Some format choices that I see are:
XViD
H.264
AC3 5 1
DivX
AVI
MPEG-1
MPEG-2
MPEG-4
MP4
MOV
WMV

probably more.

How do these various formats rank in comparison to each other?

Thank you.

unskinnyboy
20th April 2008, 15:29
You are comparing the wrong things to each other. In your list you have containers, video codecs, an audio compression format & a video compression standard. What you need to do is to do some Googling or go to Wikipedia or something and read up on what each of the ones you listed is. You can also use the search function here. You shouldn't expect to get spoon-fed here.

A standalone DVD player would only play MPEG-1 & MPEG-2, so it's not like you have a lot of choices there. Of the two, MPEG-2 is what you should use assuming your source is a DVD or something such.

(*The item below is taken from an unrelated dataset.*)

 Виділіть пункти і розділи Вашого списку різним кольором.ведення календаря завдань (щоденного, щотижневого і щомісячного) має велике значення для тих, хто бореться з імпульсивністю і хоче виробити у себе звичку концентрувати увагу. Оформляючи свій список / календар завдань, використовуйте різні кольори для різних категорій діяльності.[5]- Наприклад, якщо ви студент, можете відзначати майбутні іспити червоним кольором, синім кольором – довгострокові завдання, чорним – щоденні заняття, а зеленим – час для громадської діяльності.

To play from a hard drive, you have a lot of options - I'd recommend Xvid or x264 in an MKV container.

fibbingbear
21st April 2008, 05:39
Unskinnyboy is right. Some other things to keep in mind:

"Mainstream" Containers are typically:
MP4
AVI
MKV


"Mainstream" Video Codecs are typically:
MPEG1
MPEG2
DIVX / XVID
H.264
VC-1 (WMV)

"Mainstream" Sound codecs are typically:
AC3
MP3
AAC


You need to choose one of each, in essence (VC-1 / WMV may be less flexible... not 100% positive).

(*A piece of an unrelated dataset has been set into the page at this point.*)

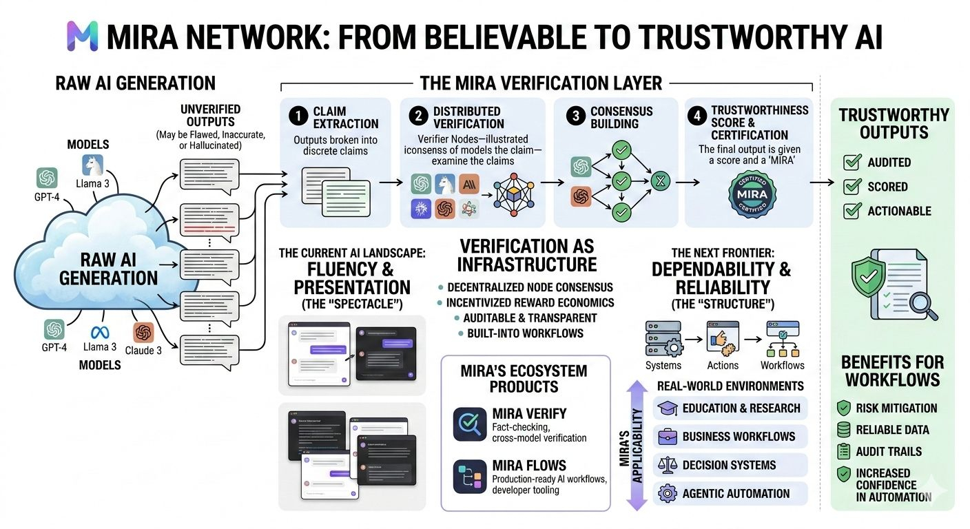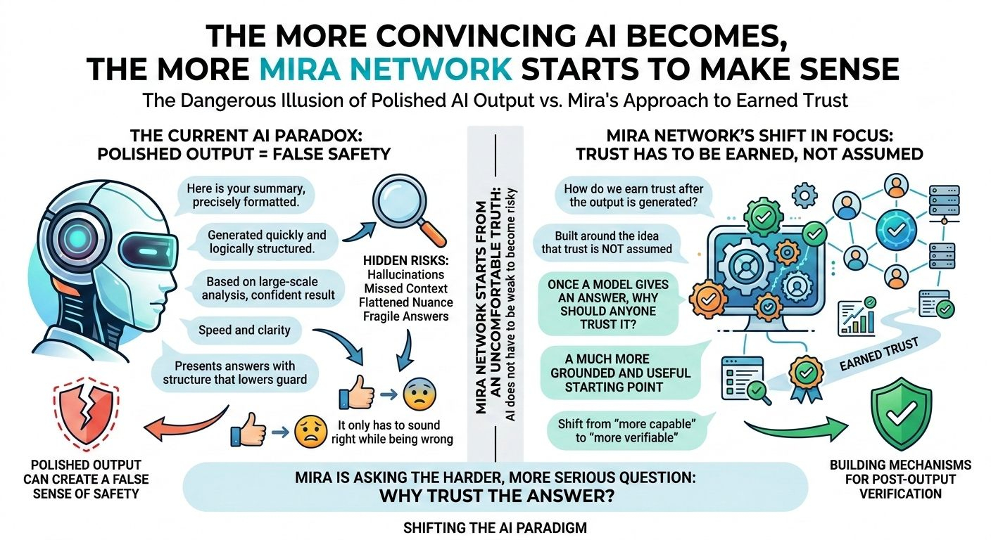 The more I looked into Mira, the clearer it became that this is not really about making AI sound better. It is about building a structure around AI so reliability does not depend on presentation alone. Mira positions itself as a verification layer, a network built to check outputs through distributed validation rather than asking users to simply trust the first thing a model says. That changes the conversation completely.

The most important factors to consider are 1.) what does your hardware play, and 2.) what's the lifetime expectancy of the format/codec/etc.

Some DVD players will also play DivX as long as it is encoded in a certain way (look up info about "profiles"). Most won't, though.

As Unskinnyboy says, your computer should be able to play any of them, although if you have a slow computer, DivX will be less resource intensive.

I personally like the MP4 container format and AAC audio with the H.264 video algorithm.

ungawa
22nd April 2008, 07:03
unskinnyboy & fibbingbear

Thank you both for replying.

Does anyone know of a good up-to-date briefing 101 where a newbie can get a good orientation to all this (in adition to what you guys have already explained)?

The results I'm plowing up by google searching mostly seem outdated.

KoD
22nd April 2008, 17:05
Haven't been there in a while, but since nothing has changed lately in what concerns video/audio coding standards: Video file (http://www.cccp-project.net/wiki/index.php?title=Video_file). Check the link to the "updated version". (it did not have this nice image, that's why I gave you this link to see first)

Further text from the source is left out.